На манжетах мелом. О дипломатических буднях без прикрас - Юрий Михайлович Котов
Для меня лично он был наставником в дипломатической деятельности на протяжении многих лет. В Москве я учился его умению составлять записки в ЦК КПСС и прочие важные документы. В многочисленных командировках мне довелось совместно написать с ним десятки шифртелеграмм. Конечно, он был ведущим, а я только ведомым, но для меня это была бесценная практика.
У меня сохранились дневниковые записи об одной такой поездке. Писал я их шутя, не особенно, а точнее, совсем не вдаваясь в саму политическую суть событий. Но полистал их – забавно. И кое-что изложу сейчас. Поездка была весьма долгая: сначала в Лаос на крупную международную конференцию по проблемам Индокитая, затем визиты в Кампучию и Вьетнам. Начал я свои «непутевые» заметки еще в самолете. Вот кусочки из этих «записок на манжетах».
…Летим. Уже на этапе Ташкент – Карачи. Как сообщили, высота – одиннадцать тысяч метров. Все спят, а я нет. Пью джин с тоником, со льдом и лимоном и приступил к писанине. Улетели мы где-то около семи часов вечера. В самолете нас сразу покормили и напоили. Потом прибыли в Ташкент. Мне там понравилось. Погода дивная – около пятнадцати градусов, сухо. Встретили нас душевно: зампредсовмина, мининдел, другие достойные люди (Николая Павловича в Узбекистане хорошо помнили). Стол был уже накрыт, и я горько посетовал, что в самолете был голодный и все, что давали, съел. А не надо было, потому что в Ташкенте все было лучше, вкуснее и красивее, и подавались всякие местные блюда (очень много и все разные) и прекрасные фрукты. На сем заканчиваю. Джин допит. Карачи уже не за горами. После него напишу снова…
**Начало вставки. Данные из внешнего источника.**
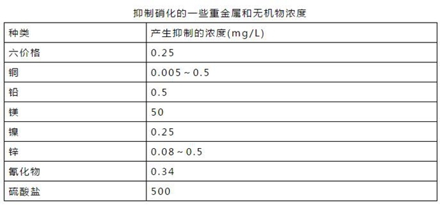 某些重金屬離子、絡(luò)合陰離子、氰化物以及一些有機(jī)物質(zhì)會干擾或破壞硝化細(xì)菌的正常生理活動。當(dāng)這些物質(zhì)在污水中的濃度較高,便會抑制生物硝化的正常運(yùn)行。例如,當(dāng)鉛離子大于0.5mg/L、酚大于5.6mg/L、硫脲大于0.076mg/L時(shí),硝化均會受到抑制。有趣的是,當(dāng)NH3-N濃度大于200mg/L時(shí),也會對硝化過程產(chǎn)生抑制,但城市污水中一般不會有如此高的NH3-N濃度。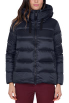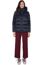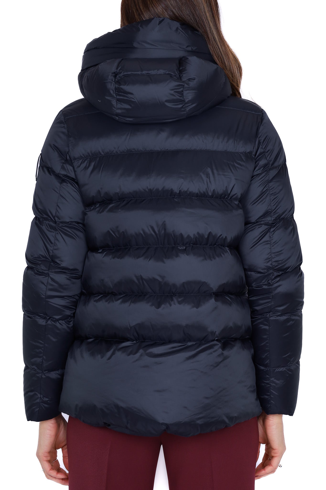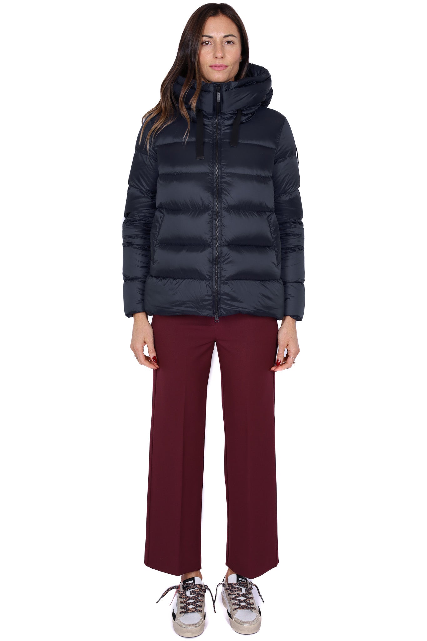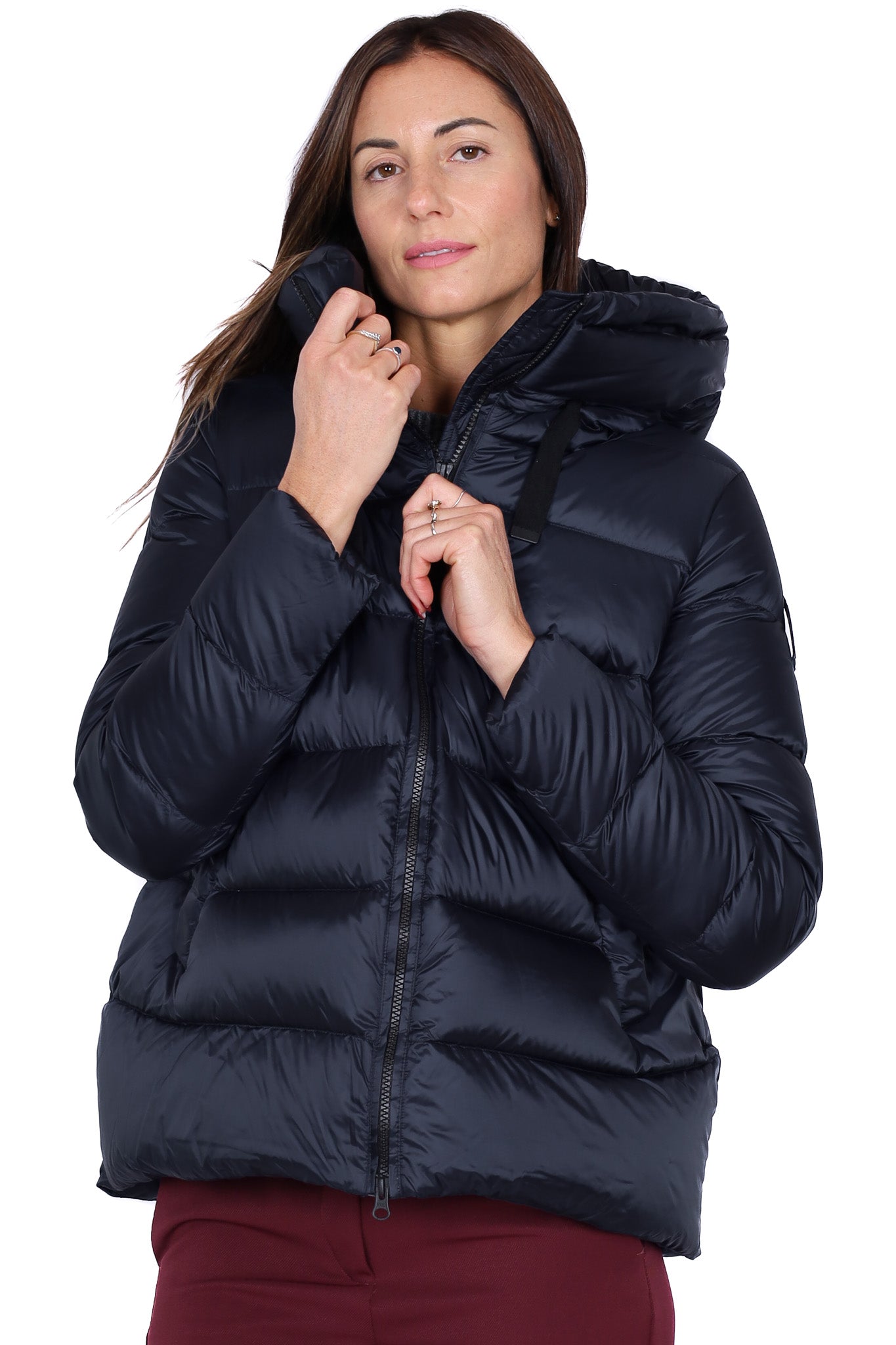 Piumino donna corto color blu scuro, imbottito e trapuntato a bande orizzontali, con cappuccio avvolgente regolabile tramite coulisse. Chiusura full zip doppio cursore, tasche laterali e linea leggermente svasata che valorizza il comfort senza rinunciare allo stile. Un modello ideale per la stagione fredda grazie a calore, leggerezza e grande versatilità.

Следующая запись уже имеет точную дату: 21.12.81 года. Пномпень (по-нашему в те времена мы его звали Пень-пнём), 14:10 (местное время), двадцать восемь градусов.
…Так вот, продолжаю. После первой посадки в Ташкенте была вторая в Карачи, третья в Бомбее, четвертая в Рангуне. Везде нас довольно радушно принимали, наливали хотя бы по рюмочке, а в промежутках поили и кормили в самолете. Спал я, а точнее был в тупой полудреме, всего лишь тридцать-сорок минут. Во Вьентьяне вылезли полуживые. Разместились, как я и предполагал, мы вдвоем с Рогачевым на вилле отпускника (нашего коллеги и приятеля советника-посланника Рашида Хамидулина)[1]. Кое-как пришел в себя, полчаса отмокая под попеременно горячим и холодным душем, побрился, выпил кофейку – и пошли в бой.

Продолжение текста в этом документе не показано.